3. West Nile Virus: The state had its worst season ever for the mosquito-borne West Nile virus in 2018, with at least 23 human cases of the illness and one death — of a West Haven resident. The death was the first West Nile-linked fatality in the state since 2006.

It’s possible that one of the 23 human cases of West Nile was acquired in Rhode Island, not Connecticut, but the victim was a Connecticut resident, and the state still had a record number of human cases.

West Nile virus is primarily spread to humans and animals through mosquito bites. The illness has been detected in the state every year since 1999.

4. Open enrollment and the battle for affordable health care: It was a crucial year for the Affordable Care Act — the sweeping health reform legislation known as Obamacare — as it was the first where there was no financial penalty for not enrolling in health insurance coverage for the following year.

Those who didn’t enroll in an insurance plan in 2018 will have to pay a penalty of either 2.5 percent of their yearly household income or $695 per person (and $347.50 per child) — whichever is higher — when they file their 2018 tax returns. But the penalty was eliminated for 2019 under the Tax Cuts and Jobs Act of 2017. This was seen as an attempt by President Donald Trump, who has long been an opponent of the Affordable Care Act, to undercut the legislation.

The open enrollment period was also intended to be the shortest to date, running from Nov. 1 to Dec. 15. But, in mid-December, the state’s health insurance exchange, Access Health CT, announced it was extending the deadline to Jan. 15.

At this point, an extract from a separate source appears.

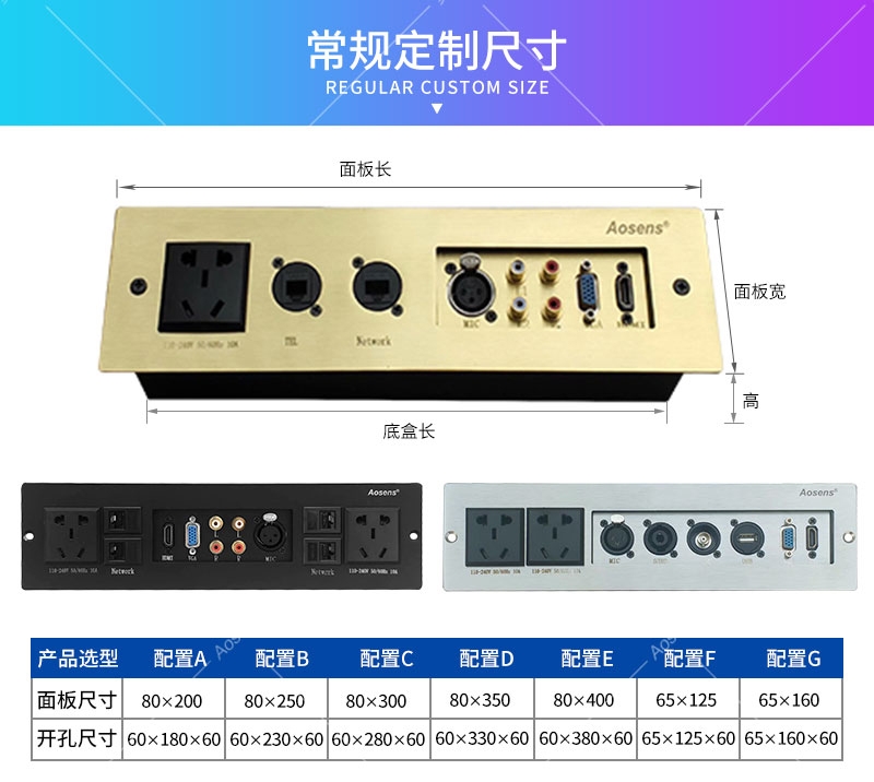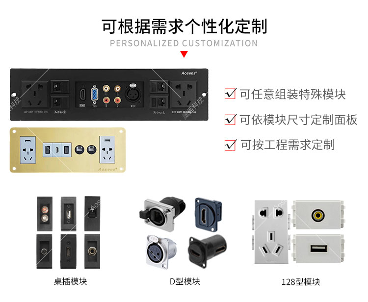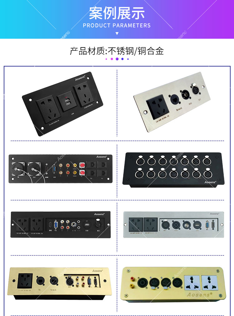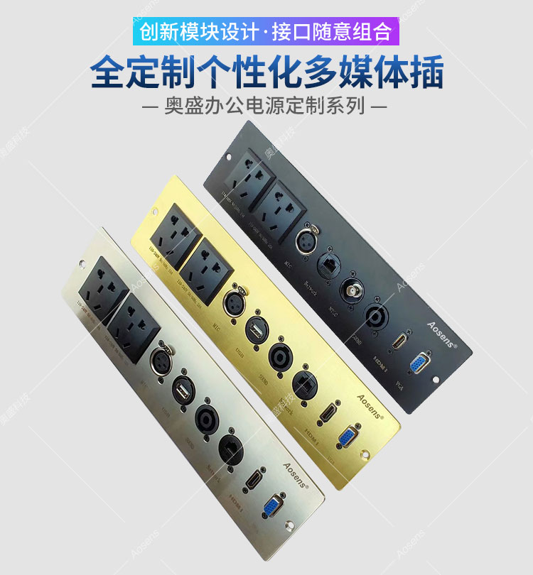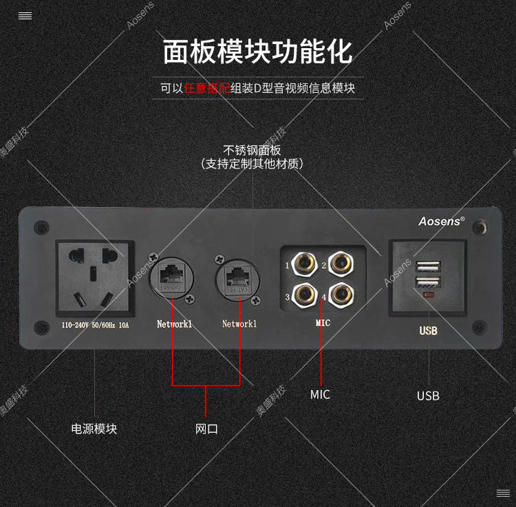 Aosens奥盛 定制不锈钢 铜合金多媒体面板 信息面板 墙面桌面 网络USB HDMI VGA卡侬 话筒
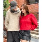 ニット セーター 「UNISEX」ALAND/AロゴシャギーVネックプルオーバー レディース メンズ

5. Fighting the opioid crisis: Opioid overdoses and deaths continued to be a major problem both nationwide and in Connecticut in 2018. According to the state Office of the Chief Medical Examiner, there were projected to be 1,030 accidental drug intoxication deaths in 2018. If those numbers turn out to be accurate, they represent a slight decrease from 2017, when there were 1,038 such deaths.

Still, hospitals, emergency responders and others worked to stem the crisis. In April, the Connecticut Hospital Association, the Connecticut State Medical Society and the Connecticut Chapter of the American College of Emergency Physicians endorsed an updated set of voluntary opioid prescribing guidelines to help emergency medical staff treat patients with chronic pain conditions.

Individual hospitals also took on prevention and education efforts, including Griffin Hospital, which, in February, hosted free training on how to identify an overdose, how to administer naloxone (a medication, also known as Narcan, used to combat overdoses), and other important information.

In September, the state even received $22 million in federal grant money over two years to, among other things, buy 10,000 doses of naloxone and distribute them throughout the state.